Length of C++ arrays allocated by operator new[]

N

Nick Keighley

AFAIK it is impossible to detect the original length of an array from
the object pointer.

class SomeClass
{ // ...

};

SomeClass* array = new SomeClass[10];

size_t length = get_length_of_array(array); // Impossible

But the runtime needs to keep track of the number of elements anyway, to
call the appropriate number of destructors at delete[]. Why does the
language not allow to access this internal field?

1. backwards compatibility with C
2. new may allocate more memory than specified (though to call the
right number of DTORs it needs to know how many objects are actually
allocated)
3. no way to distinguish new'ed from other allocations


void fred(T* a)
{
for (i = 0; i < get_length_of_array(a); i++)
do_stuff (a);
}

this won't work for

a = (T*)malloc(n*sizeof(a));
T a[n];
 
N

none

SomeClass* array = new SomeClass[10];

size_t length = get_length_of_array(array); // Impossible

any particular reason you don't want to use vector instead and then use
vect::size ?

- The old platform does not support STL well.

Really? What's that old platform? I was using the STL in
old compilers in the last century simply by adding STLPort to the
project.
- STL causes the executable size to explode. One disadvantage of
template meta programming over generics. (Of course, there are many
advantages on the other side.)

"Explode" is a bit strong. But yes, it will increase a bit but you
seem to totally ignore the "Of course, there are many advantages on
the other side." Don't just say it. Seriously consider it.
std::vector has the major disadvantage that any piece of code that has
write access to its elements can also change its size and, more
importantly, cause reallocations. That's sometimes not wanted and could
cause hard to find bugs with UB, especially if the array is shared
between threads.

Euh, how is it different from raw dynamic arrays? They have been
source of hard to find bugs for as long as programming has existed.
Bad programming is bad programming. At least std::vector gives you
the tools to encourage or event enforce better programming.

The problems you list above can be handled simply be controlling
access (using const by default unless write access is needed) or as
proposed elsewhere by offering a more constrained interface via
composition.

If you really share raw arrays between threads directly, I suggest that
you have a much more fundamental problem to address that the possible
reallocation that a std::vector may do.

Yan
 
G

Goran

  Why is this urban legend so persistent?
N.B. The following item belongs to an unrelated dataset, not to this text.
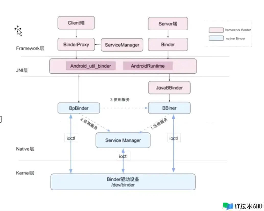4. Framework、Native 视点,Binder 衔接了 Client、Server、ServiceManager 和 Binder 驱动程序,形成一套 C/S 通讯架构;
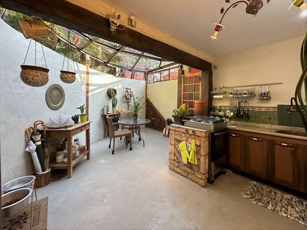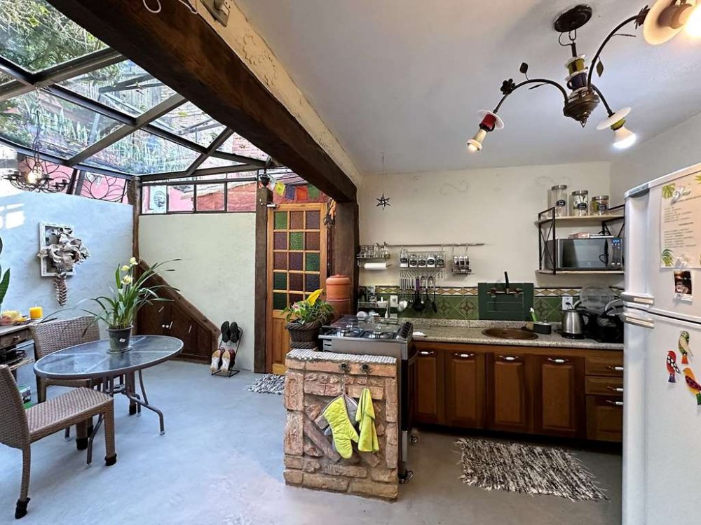 • Cozinha com sala de almoço, cobertura envidraçada, detalhes em azulejo hidráulico, bancada em granito e gabinetes de madeira.

People repeat it without actually
trying it.
  I just tested with these two programs:
//---------------------------------------------------------
int main()
{
    int* array = new int[10000];
    for(int i = 0; i < 10000; ++i) array = i;
    int value = 0;
    for(int i = 0; i < 10000; ++i) value += array;
    delete[] array;
    return value;
}
//---------------------------------------------------------

//---------------------------------------------------------
#include <vector>
int main()
{
    std::vector<int> array(10000);
    for(int i = 0; i < 10000; ++i) array = i;
    int value = 0;
    for(int i = 0; i < 10000; ++i) value += array;
    return value;
}
//---------------------------------------------------------

  The size of the first executable? 5104 bytes.
  The size of the second executable? 5528 bytes.
  Yeah, the size really exploded.

Use it for some dozen different types, not just int.
Use many functions of the STL containers not just the easiest ones.

Templates have to be instantiated for each unique parameter set.


Depending on your build chain and build options, they won't be. All
vector<random_pointer_type>, and at least one integral type (e.g.
vector<int>) will all have __identical__ functions. Every single one
will match. Build chain do detect this and "fold" all these functions
into one. With such build chains, perhaps your build time will be
affected, but you will not have e.g. vector::insert(iterator, pt1),
vector::insert(iterator, pt1)... vector::insert(iterator, int). You
will have only one such insert, and that will be called for all
pointer types (pt1, pt2, ... and int).

What also happens is that you get completely different source of
functions, optimizations turn 2+ of those into same executable, and
again, only one of them goes to the final executable.

Goran.
 
J

Juha Nieminen

Marcel Müller said:
Use it for some dozen different types, not just int.
Use many functions of the STL containers not just the easiest ones.

Templates have to be instantiated for each unique parameter set. Even if
90% of the generated functions do not depend on all parameters or the
dependency ends once the compiler has done the type checks, the compiler
will generate distinct implementations. No programmer would repeat his
self that much without the templates (well, hopefully).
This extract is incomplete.